With that said if the difference between andoyer and more accurate formula like vincenty was not great (e.g. <5x, <10x), which AFAIU is the case, then I wouldn't be against changing the default to the most accurate formula. I'd like to hear from the others regarding it. @barendgehrels @vissarion @mloskot do you have any thoughts regarding the issue we're talking about?

"it's easy to speed up a correct program; but difficult to make a fast program correct."

I don't agree with this sentiment. :) Very often rewriting the code and using different programming paradigm or instead of cpu-bound algorithm using memory-bound algorithm can lead to >10x speedup. And I don't consider it being easy.

I also don't agree with conflating "accuracy" and "correctness".

This failure in Vincenty has major implications.

I agree that this should be fixed and we're planning to do this from some time. But this is not a matter of accuracy v.s. speed tradeof WRT the formulas used by algorithms by default.

"I would say that full double precision accuracy is needed when calculating any distance on the globe."

For perspective, in practice of a different industry, Google Maps use spherical SRS and distances. In GIS the segments are relatively short. Often locally-flat approximation is used, etc. It depends on application.

For the record (...)

Thanks about pointing out outdated or inaccurate info in andoyer. I'll fix it.

vissarion commented 6 years ago

First of all I agree that it would be useful for Boost.Geometry to have an accurate solution for as many as possible implemented algorithms. Having a more accurate version of Vincenty strategy (with correct treatment of nearly antipodal points and accurate to double-precision round-off) as in GeographicLib would be probably enough for many algorithms that are parametrized with such a strategy.

On the other hand, providing trade-offs between accuracy and speed has some value. I am not an expert in GIS applications but I can imagine possible scenarios that fast and lower accuracy methods could be useful. For example, analysing GPS trajectories in a country or continent where the number of distances to be calculated is large. Note that I am not aiming to describe a real application here but I would like to make a point that even if the marine-navigation application above is a great example for the need of methods that correctly handling nearly antipodal points it is difficult to believe that this is not only one portion of GIS applications.

Therefore, the selection of the default method for direct or inverse geodesic problems is closely connected to the application focus of the library. With current implementations I also verify @awulkiew's numbers that andoyer is ~5, ~10 times faster than Boost.Geometry's vincenty and GeographicLib's inverse computation respectively. However, those numbers are just a flavour of those implementations behaviour since not rigorous experiments have been performed.

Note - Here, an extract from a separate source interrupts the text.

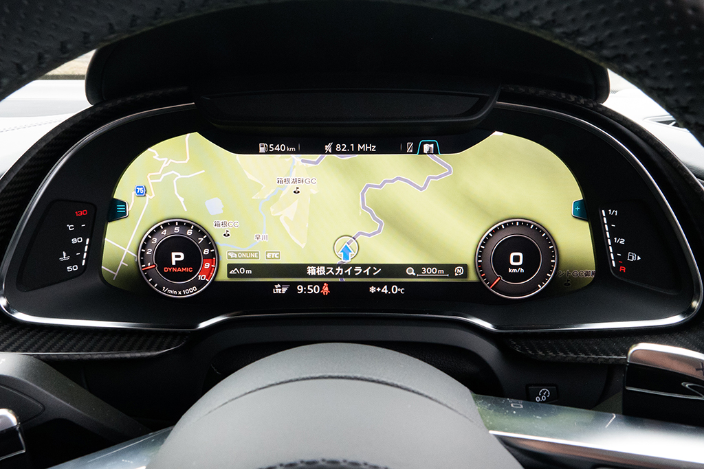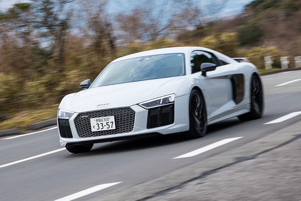 先代のR8は、ランボルギーニとの差別化を図るためか、高速域での安定性を重視し過ぎた感があり、俊敏性に欠ける印象があった。新型はその辺りのバランスが最適化されており、優れた回頭性を武器に、タイトなコーナーが続く箱根の峠道を、まるで水を得た魚のようにスイスイ走り抜けていく。

cffk commented 6 years ago

For sure, 5x or 10x speed-ups are enticing. But users cannot make a decent assessment of the trade-off without some rigorous accounting of the errors in the various methods. For geographic distance methods, users are interested in both the error in the distance (perhaps as a function of the distance) together with a measure of the maximum deviation of the resulting path from the true geodesic.

I tried to do a comprehensive error analysis for the GeographicLib algorithms. This is reported in Section 9 of my arXiv paper. This used high-accuracy direct calculations for the WGS-84 ellipsoid, which might profitably be used to benchmark other methods.

awulkiew commented 6 years ago

Moving back to this, @barendgehrels do you remember why andoyer formula was used in default geographic distance strategy?

barendgehrels commented 6 years ago

@awulkiew Andoyer was selected as a good balance between accuracy and speed. So it is quite fast and still (reasonably) precise (but of course not as precise as Vincenty).

cffk commented 6 years ago

@barendgehrels Of course, the definition of "reasonably precise" will depend on the application. However, in my applications, an error in the distance of 68 m for points 10000 km apart (the accuracy of Andoyer) is unacceptable. (An error of 1 m might be barely tolerable.)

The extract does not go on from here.